Она уже не заботилась о том, что Суома слышит этот злой упрек, и даже хотела, чтобы она слышала. Кертту подумалось, что было бы славно, исчезни вдруг невестка. Куда? Кертту не знала. Да хоть бы и в Туонелу, небось таким неумехам диковатым самое место в темном мире. Конечно же, вслух она ничего не сказала, но лишь ласковей стала привечать Лахью. Глядишь, и решат боги перекроить то, что уже однажды скроено было. И взгляд сына, который нет-нет да останавливался на бортниковой дочери, внушал Кертту надежду.
Суома кричала от боли. Про себя. Она давно поняла, что среди людей нельзя кричать громко. Она открывала рот и закрывала, до крови прикусывая губы. Она смахивала слезы и улыбалась, показывая, что все хорошо. Ей не хотелось огорчать мужа.
Того мужа, который был днем.
Другого, появлявшегося ночью, Суома ненавидела. Она охотно отдала бы его Лахье, но подозревала, что той мало будет половины. Ей Ойва целиком надобен.
Один раз, уже перед самой весной, когда на старых сугробах стали появляться первые оконца-проталины, выпал черед Суомы идти за водой. Не то чтобы далеко – до крохотного родничка, что пробивался сквозь камни и славился на всю округу чистой сладкой водой. Журчание его напоминало Суоме голос подземной реки, и она, наполнив ведра, не спешила уходить, сидела, глядя на блестящие камушки.
Суома услышала шаги и по ним же поняла, что идет к роднику Лахья. Ступала она медленно, кутаясь в долгополую лисью шубу, и руки Лахьи были пусты. Не за водой пришла – за Суомой. Остановилась она на другой стороне ручья, сковырнула носочком камень, опрокидывая в воду, и сказала:
– Уходи. Тебе здесь не рады.
– Кто?
– Никто, – легко ответила Лахья, откидывая капюшон.

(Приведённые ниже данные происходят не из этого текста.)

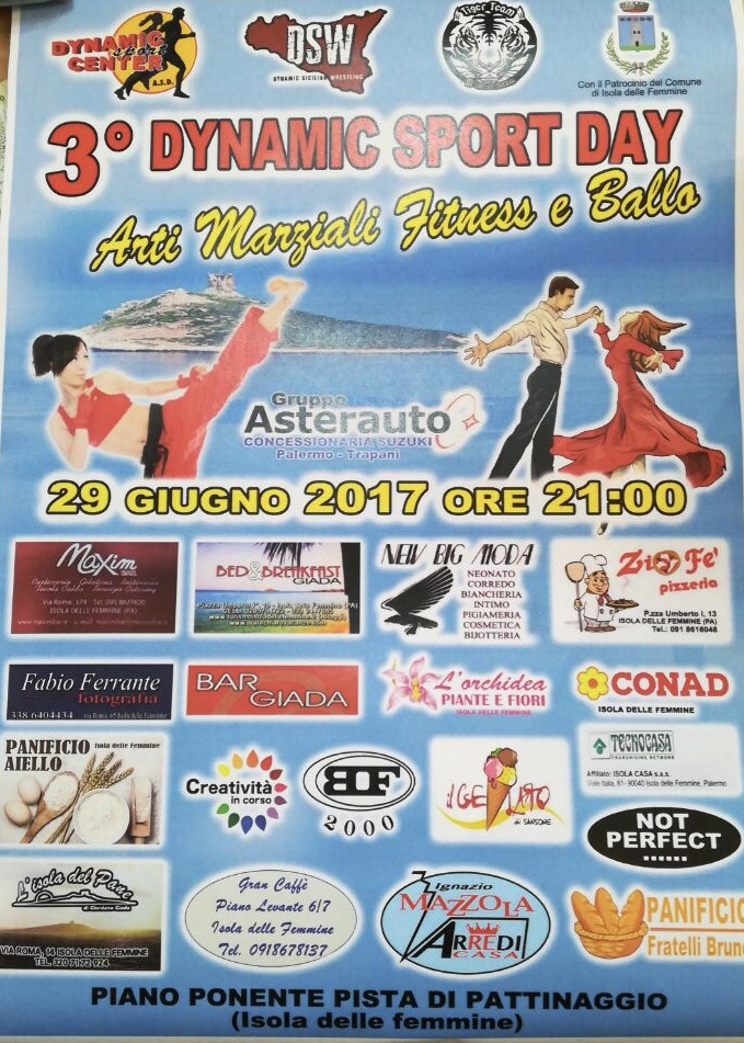 L’A.S.D. DYNAMIC SPORT CENTER di Palermo in collaborazione con L’A.S.D WHY NOT FITNESS di Isola Delle Femmine presentano la 3° edizione del “Dynamic Sport Day” , una manifestazione sportiva patrocinata dal comune con lo scopo di promuovere lo sport in tutte le sue discipline e nell’insegna del divertimento.

Рыжий мех нежно касался румяных щек ее, переливалась всеми оттенками алого лента в волосах. Нежно позвякивали серьги-бубенцы, привезенные отцом Лахьи с торга. – Уходи.
– Куда?
– Туда, откуда пришла.
Хрипло каркнула ворона, и стало вдруг тихо-тихо, словно сам лес замер, не желая мешать этому разговору. Лахья обошла родник и встала напротив солнца. Высокая. Сильная.
Суома тоже сильная, но иначе.
– Уходи, а не то хуже будет… – Лахья улыбалась, и на щеках ее появились ямочки. – Здесь не любят чужаков…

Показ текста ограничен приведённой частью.